(Collection entries)
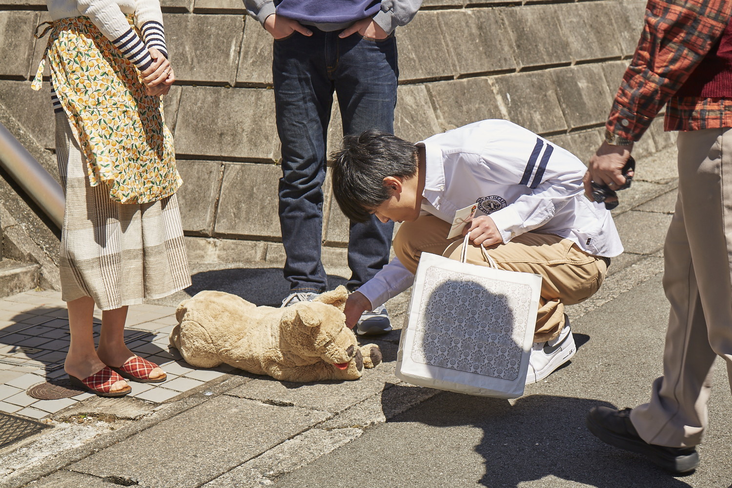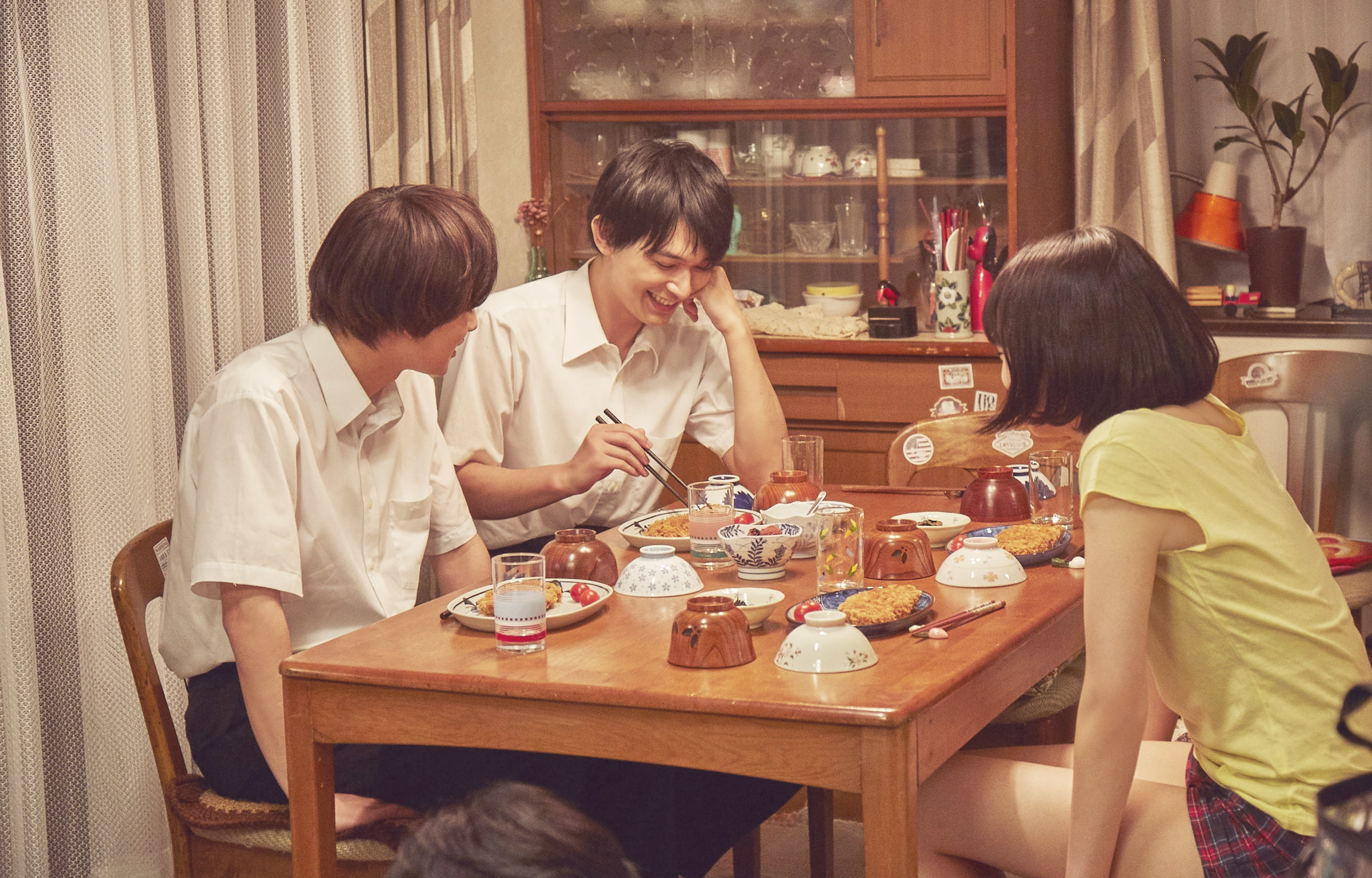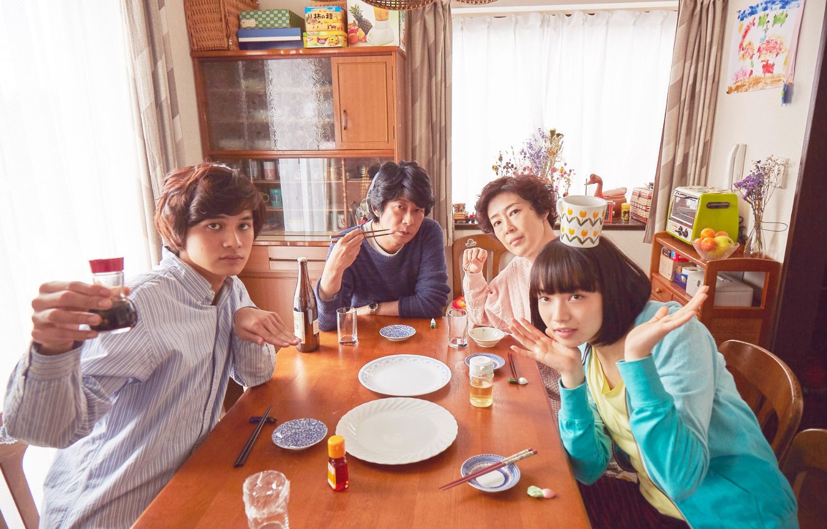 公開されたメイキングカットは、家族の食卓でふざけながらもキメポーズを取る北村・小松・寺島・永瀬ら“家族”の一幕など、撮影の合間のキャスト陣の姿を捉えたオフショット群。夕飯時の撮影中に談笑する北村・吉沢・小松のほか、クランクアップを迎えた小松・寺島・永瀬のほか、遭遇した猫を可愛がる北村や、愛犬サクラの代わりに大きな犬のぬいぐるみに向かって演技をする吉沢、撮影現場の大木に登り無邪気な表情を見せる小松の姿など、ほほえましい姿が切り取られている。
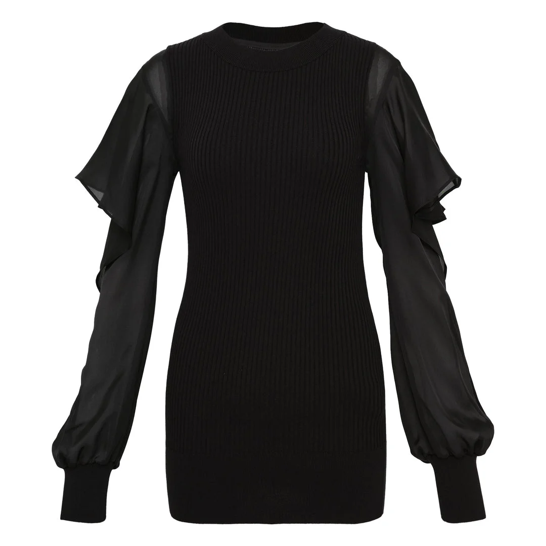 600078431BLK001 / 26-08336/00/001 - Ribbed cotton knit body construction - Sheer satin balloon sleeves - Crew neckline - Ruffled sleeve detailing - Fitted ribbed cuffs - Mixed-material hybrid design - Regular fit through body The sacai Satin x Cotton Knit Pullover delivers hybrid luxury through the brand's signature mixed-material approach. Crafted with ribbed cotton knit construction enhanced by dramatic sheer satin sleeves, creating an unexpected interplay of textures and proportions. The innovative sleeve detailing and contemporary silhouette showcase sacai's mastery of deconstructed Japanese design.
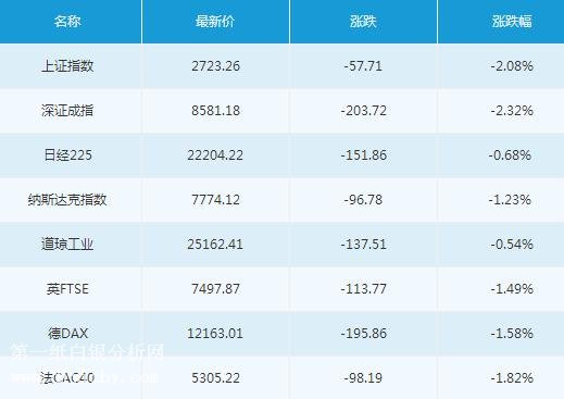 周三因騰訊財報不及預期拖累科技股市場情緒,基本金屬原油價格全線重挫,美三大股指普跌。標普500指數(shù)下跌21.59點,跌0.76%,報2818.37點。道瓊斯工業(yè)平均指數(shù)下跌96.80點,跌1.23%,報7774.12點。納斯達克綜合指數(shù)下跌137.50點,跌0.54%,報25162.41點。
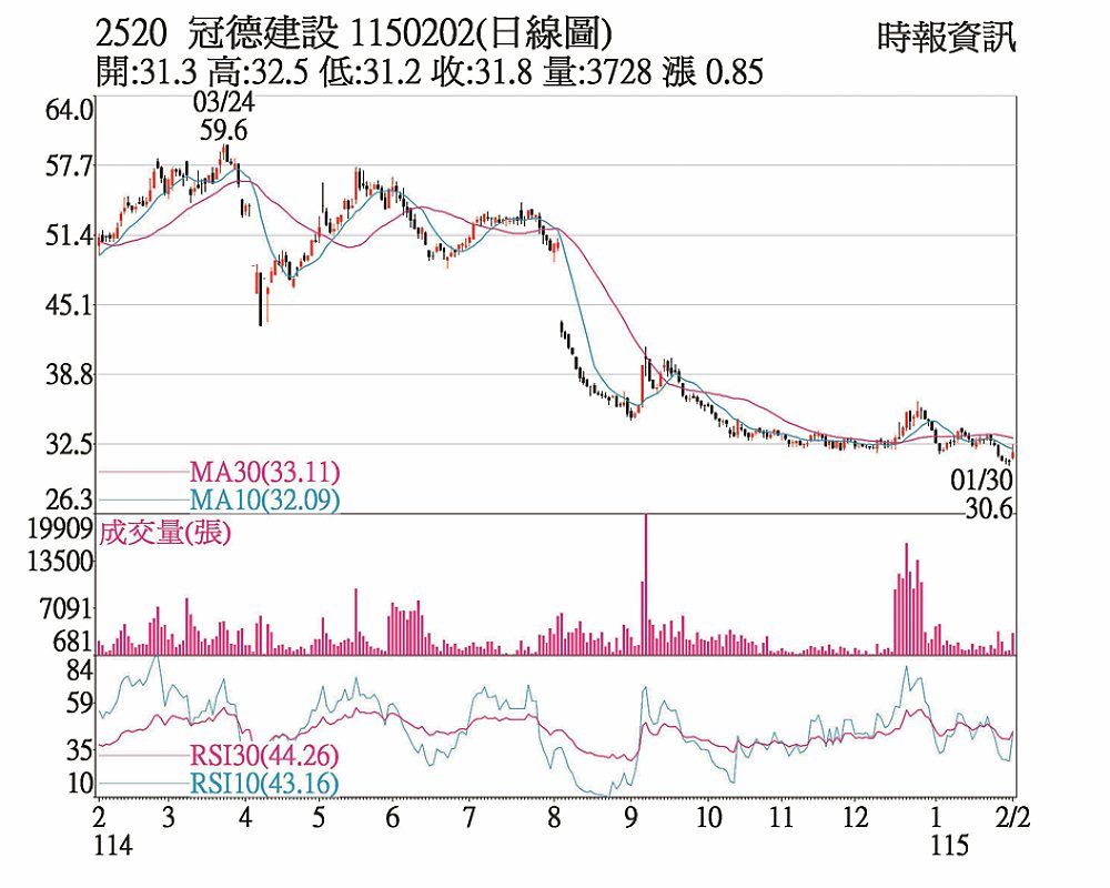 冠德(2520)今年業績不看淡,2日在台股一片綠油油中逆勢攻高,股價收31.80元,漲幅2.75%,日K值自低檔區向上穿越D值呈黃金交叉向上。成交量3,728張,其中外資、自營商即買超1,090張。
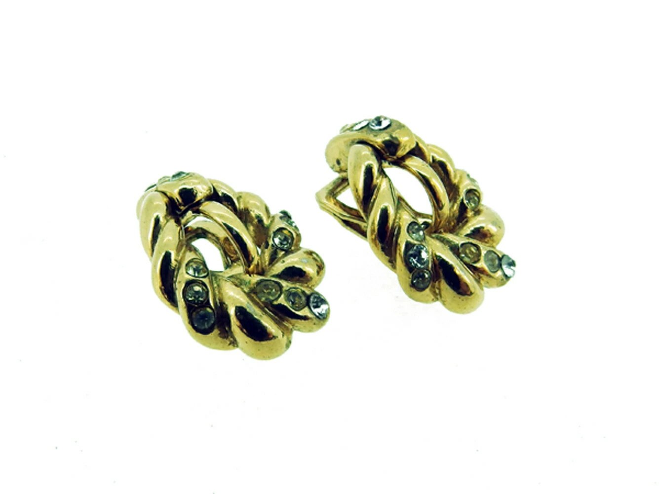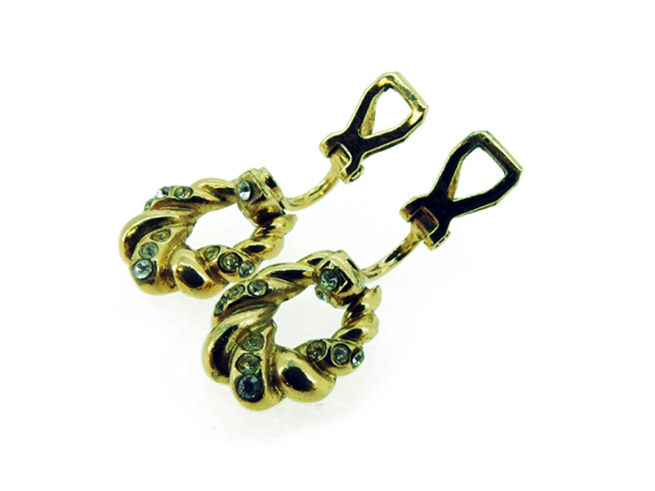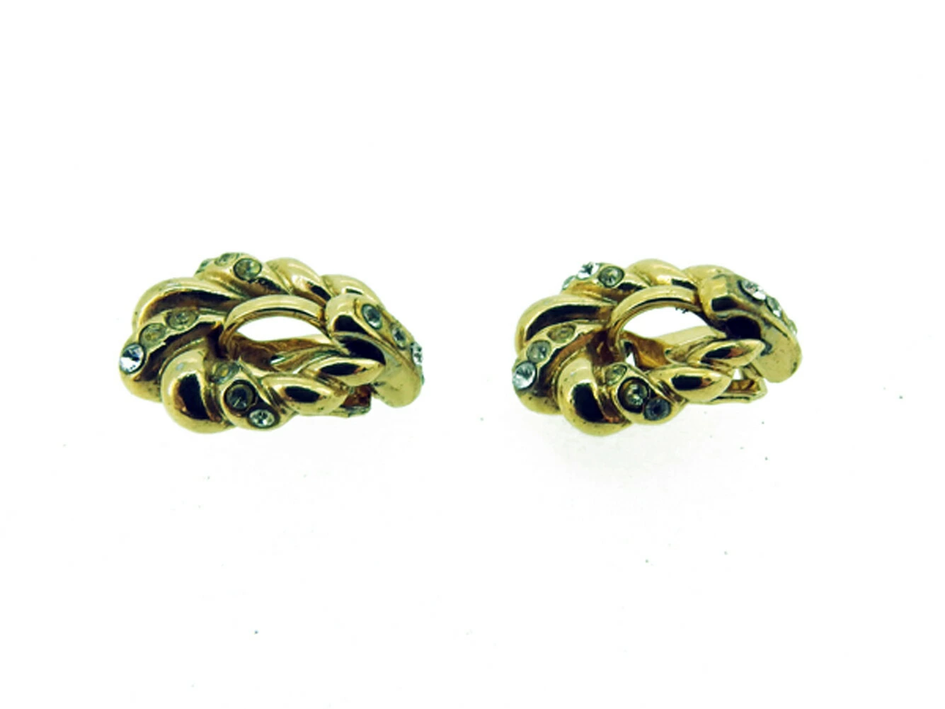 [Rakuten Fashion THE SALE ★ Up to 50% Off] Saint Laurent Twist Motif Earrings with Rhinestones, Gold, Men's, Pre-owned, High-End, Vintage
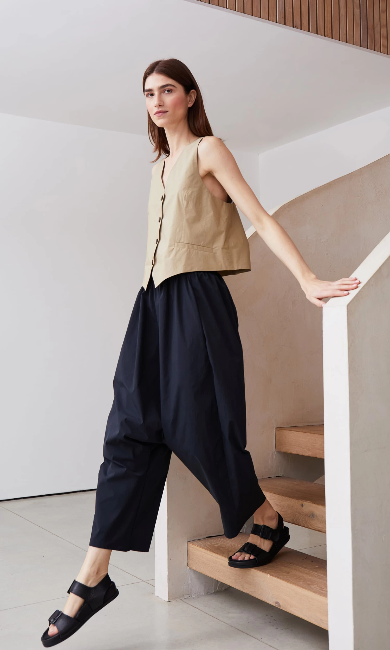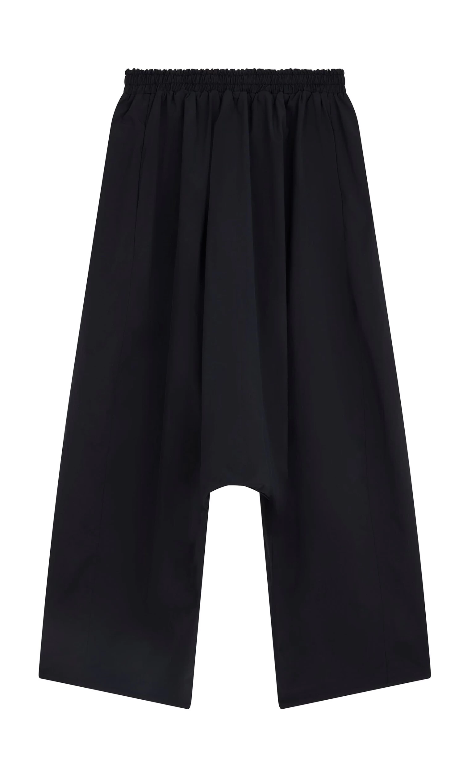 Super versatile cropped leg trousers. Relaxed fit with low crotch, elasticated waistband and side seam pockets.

### Action item:
What you return must match the entries above exactly, apart from the pictures, which are left out.

### Expected answer:
 公開されたメイキングカットは、家族の食卓でふざけながらもキメポーズを取る北村・小松・寺島・永瀬ら“家族”の一幕など、撮影の合間のキャスト陣の姿を捉えたオフショット群。夕飯時の撮影中に談笑する北村・吉沢・小松のほか、クランクアップを迎えた小松・寺島・永瀬のほか、遭遇した猫を可愛がる北村や、愛犬サクラの代わりに大きな犬のぬいぐるみに向かって演技をする吉沢、撮影現場の大木に登り無邪気な表情を見せる小松の姿など、ほほえましい姿が切り取られている。
 600078431BLK001 / 26-08336/00/001 - Ribbed cotton knit body construction - Sheer satin balloon sleeves - Crew neckline - Ruffled sleeve detailing - Fitted ribbed cuffs - Mixed-material hybrid design - Regular fit through body The sacai Satin x Cotton Knit Pullover delivers hybrid luxury through the brand's signature mixed-material approach. Crafted with ribbed cotton knit construction enhanced by dramatic sheer satin sleeves, creating an unexpected interplay of textures and proportions. The innovative sleeve detailing and contemporary silhouette showcase sacai's mastery of deconstructed Japanese design.
 周三因騰訊財報不及預期拖累科技股市場情緒,基本金屬原油價格全線重挫,美三大股指普跌。標普500指數(shù)下跌21.59點,跌0.76%,報2818.37點。道瓊斯工業(yè)平均指數(shù)下跌96.80點,跌1.23%,報7774.12點。納斯達克綜合指數(shù)下跌137.50點,跌0.54%,報25162.41點。
 冠德(2520)今年業績不看淡,2日在台股一片綠油油中逆勢攻高,股價收31.80元,漲幅2.75%,日K值自低檔區向上穿越D值呈黃金交叉向上。成交量3,728張,其中外資、自營商即買超1,090張。
 [Rakuten Fashion THE SALE ★ Up to 50% Off] Saint Laurent Twist Motif Earrings with Rhinestones, Gold, Men's, Pre-owned, High-End, Vintage
 Super versatile cropped leg trousers. Relaxed fit with low crotch, elasticated waistband and side seam pockets.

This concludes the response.